What's new with BPF/bcc

BPF together with his frontend bcc are new and exciting technologies in the Linux dynamic tracing ecosystem. If you are not familiar with them, you can get up to speed using the excellent material in Brendan Gregg's blog. While the tools are still in development as I write this, a large amount of important features are already available starting from kernel 4.5, notably the support for uprobes that I have used in the scripts discussed later in this post.

I have started experimenting with porting a few probes for the Oracle userspace that I had written using SystemTap and discussed in this blog. While the language/syntax is completely different between SystemTap and BPF/bcc, porting the probes has turned out to be relatively straightforward. The work has been made substantially easier by the availability of a large selection of well-written and documented scripts in the tools directory of bcc. At present writing BPF/bcc scripts is a mixture of coding in Python and C, which feels to me both familiar and at the same time strangely low-level compared to the more mature environments for example of DTrace and SystemTap.

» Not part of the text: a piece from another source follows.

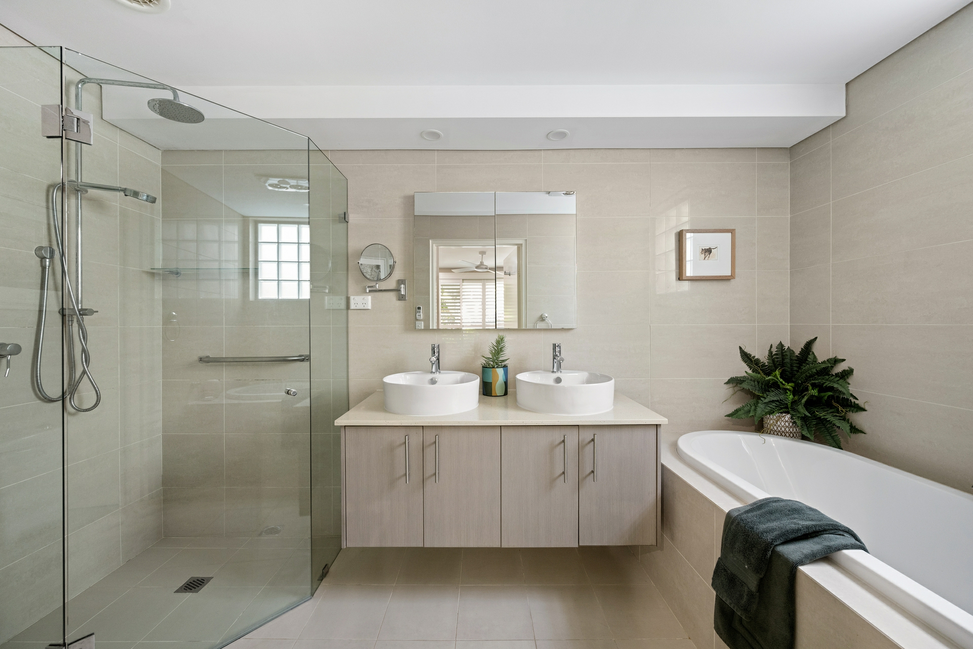 - Warm timber flooring and calming natural colour palette throughout

The example scripts that I have written using BPF/bcc are on Github. Here is a list with comments:

Script name Short description
ora_sqlparse_trace.py Tracing of Oracle SQL parsing. This script traces SQL hard parsing on Oracle binaries hooking on the Oracle function "opiprs" and reads from function arguments (CPU registers) and from process memory.
ora_wait_trace.py Tracing of Oracle wait events. This script traces Oracle sessions by hooking on the functions "kskthewt" and "kews_update_wait_time" and reads from function arguments (CPU registers).
ora_logicalIO_histogram.py Logical IO latency histograms. This script measures the latency between call and return time for the Oracle function "kcbgtcr", which is an important part of the logical IO processing for consistent reads.
ora_wait_histogram.py Wait event latency histograms. This script traces Oracle sessions by hooking on the functions "kskthewt" and "kews_update_wait_time" and reads from function arguments (CPU registers). BPF computes the latency histogram for the wait events and the script prints the values on stdout.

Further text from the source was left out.